++++ Data excerpts ++++

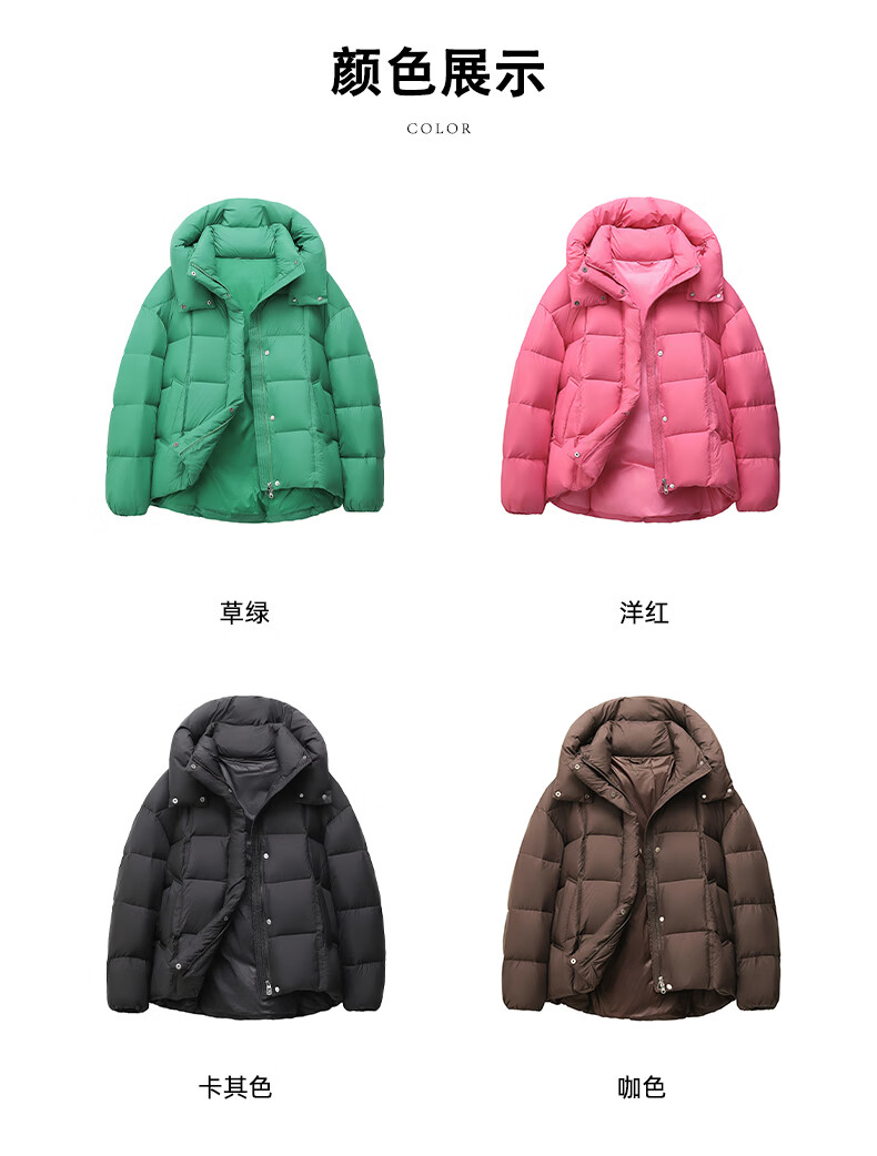 Yalu 2025 New Down Jacket Women's Winter Removable Hat Warmth Highly Filled Down Fashionable Windproof Commuting Trendy Color Thick Jacket Grass Green S Recommended 95-115Jin Jin equals 0.5kg
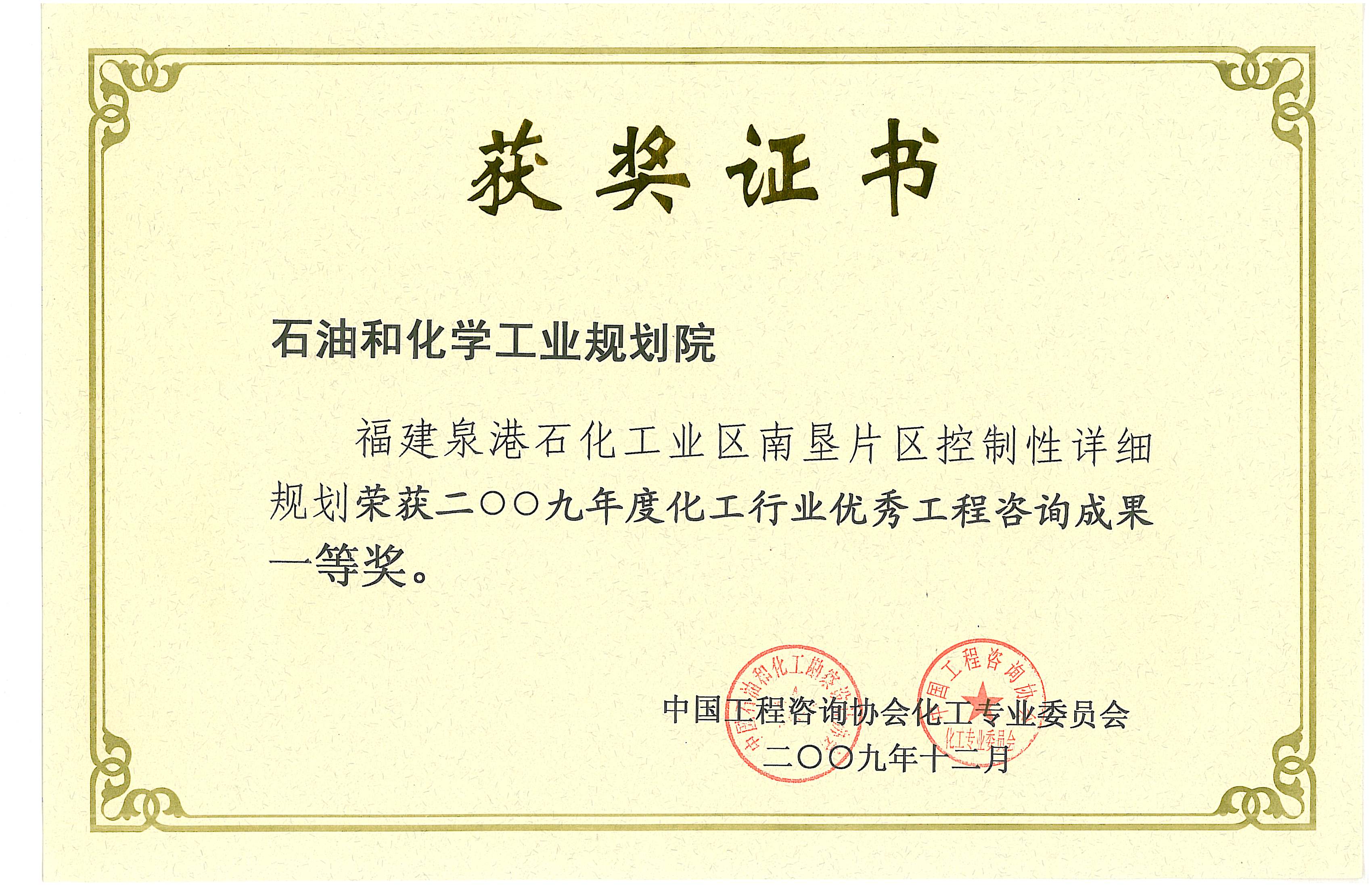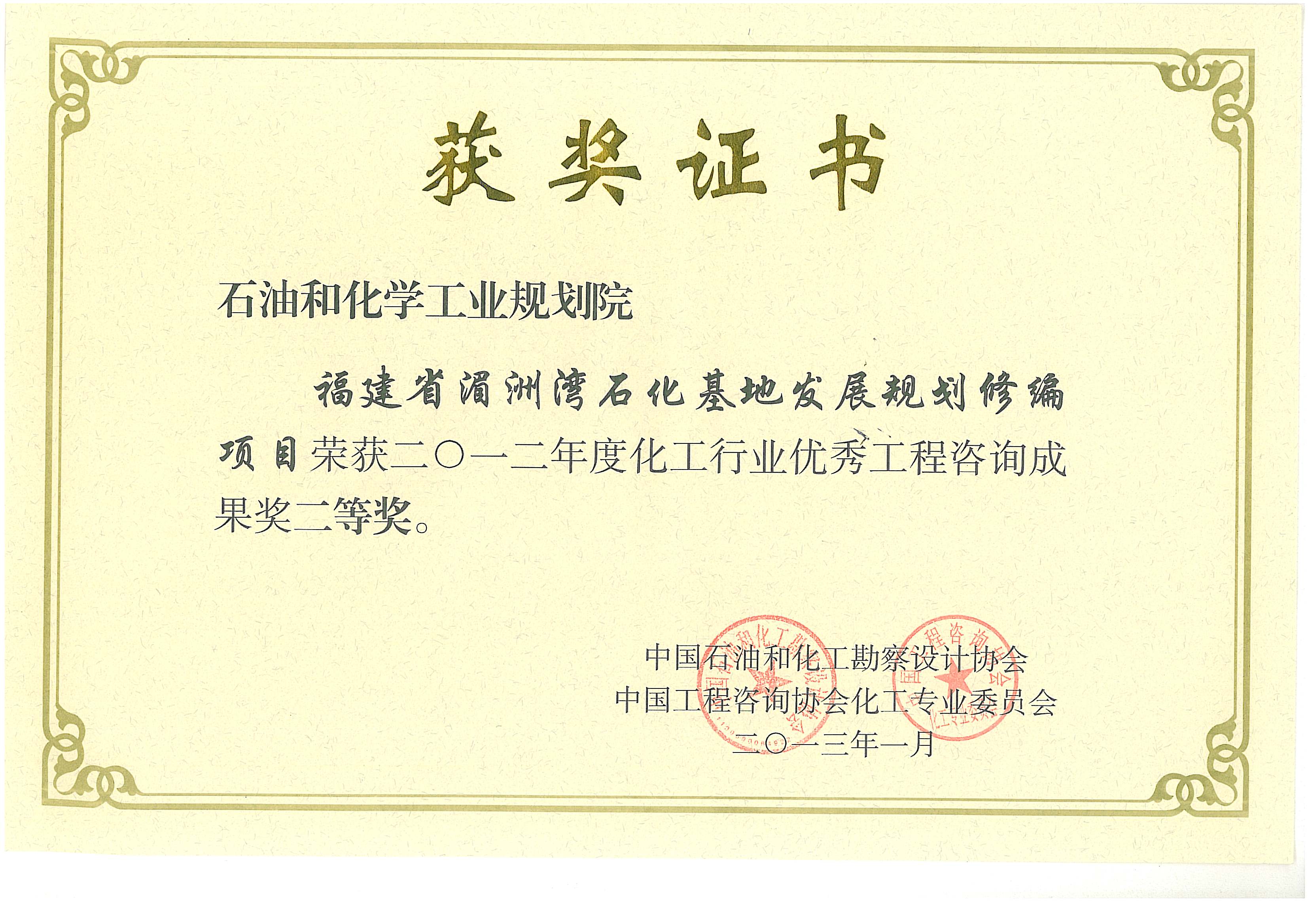 化工行业优秀工程咨询成果二等奖(湄洲湾)
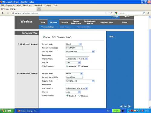 Linksys EA2700 routerem van, a wifi beállításai a következők (értelem szerűen jelszó is be van állítva):
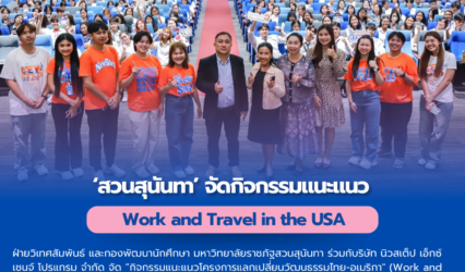 นักศึกษา สวนสุนันทาจัดกิจกรรมแนะแนวโครงการแลกเปลี่ยนวัฒนธรรมไทย-อเมริกา tui sakrapee August 14, 2024 วันที่ ๘ สิงหาคม ๒๕๖๗ – ฝ่ายวิเทศสัมพันธ์ และกองพัฒนานักศึกษา มหาวิทยาลัยราชภัฐสวนสุนันทา ร่วมกับริษัท นิวสเต็ป เอ็กซ์เชนจ์ โปรแกรม จำกัด จัด “กิจกรรมแนะแนวโครงการแลกเปลี่ยนวัฒนธรรมไทย-อเมริกา” (Work…
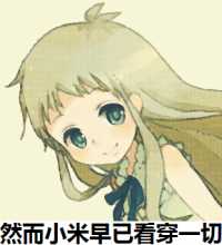 当时小天使将 xx看穿一切 用在 小米看穿一切 图片上,并当表情使用,使得内阁各大小米控翻起prpr(请脑补)的巨浪。后被菜萌重制成:
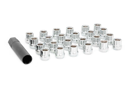 Secure your new wheels with Rough Country?ÇÖs Bulge Acorn Style Lug Nuts. These cold-forged lug nuts are plated with a beautiful chrome finish for a long lifespan of corrosion resistance and good looks. Acorn bulge nuts provide over 6% more seating surface area than a standard acorn lug nut. These premium lug nuts are the perfect choice for securing aftermarket wheels, and far exceed OEM strength and hardness. Each lug nut set includes a socket key for easy installation or removal. Choose between black or chrome finish for the perfect compliment to your build!
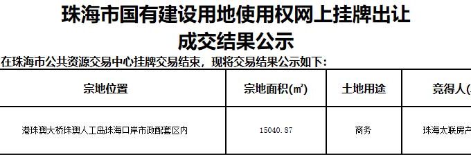 中國網地產訊 1月12日,珠海1宗商務地塊成功出讓,最終珠海太聯有限公司(格力地產)以8.8億元競得。
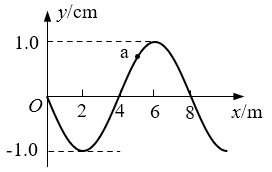 质点a向上运动,根据微平移法,波向左运动,即x轴负方向运动;由图可得波长λ=8 m,f=\(\frac{v}{\lambda }\)=\(\frac{4}{8}\)Hz=0.5 Hz。

++++

Set out every record exactly, images excluded.

 Yalu 2025 New Down Jacket Women's Winter Removable Hat Warmth Highly Filled Down Fashionable Windproof Commuting Trendy Color Thick Jacket Grass Green S Recommended 95-115Jin Jin equals 0.5kg
 化工行业优秀工程咨询成果二等奖(湄洲湾)
 Linksys EA2700 routerem van, a wifi beállításai a következők (értelem szerűen jelszó is be van állítva):
 นักศึกษา สวนสุนันทาจัดกิจกรรมแนะแนวโครงการแลกเปลี่ยนวัฒนธรรมไทย-อเมริกา tui sakrapee August 14, 2024 วันที่ ๘ สิงหาคม ๒๕๖๗ – ฝ่ายวิเทศสัมพันธ์ และกองพัฒนานักศึกษา มหาวิทยาลัยราชภัฐสวนสุนันทา ร่วมกับริษัท นิวสเต็ป เอ็กซ์เชนจ์ โปรแกรม จำกัด จัด “กิจกรรมแนะแนวโครงการแลกเปลี่ยนวัฒนธรรมไทย-อเมริกา” (Work…
 当时小天使将 xx看穿一切 用在 小米看穿一切 图片上,并当表情使用,使得内阁各大小米控翻起prpr(请脑补)的巨浪。后被菜萌重制成:
 Secure your new wheels with Rough Country?ÇÖs Bulge Acorn Style Lug Nuts. These cold-forged lug nuts are plated with a beautiful chrome finish for a long lifespan of corrosion resistance and good looks. Acorn bulge nuts provide over 6% more seating surface area than a standard acorn lug nut. These premium lug nuts are the perfect choice for securing aftermarket wheels, and far exceed OEM strength and hardness. Each lug nut set includes a socket key for easy installation or removal. Choose between black or chrome finish for the perfect compliment to your build!
 中國網地產訊 1月12日,珠海1宗商務地塊成功出讓,最終珠海太聯有限公司(格力地產)以8.8億元競得。
 质点a向上运动,根据微平移法,波向左运动,即x轴负方向运动;由图可得波长λ=8 m,f=\(\frac{v}{\lambda }\)=\(\frac{4}{8}\)Hz=0.5 Hz。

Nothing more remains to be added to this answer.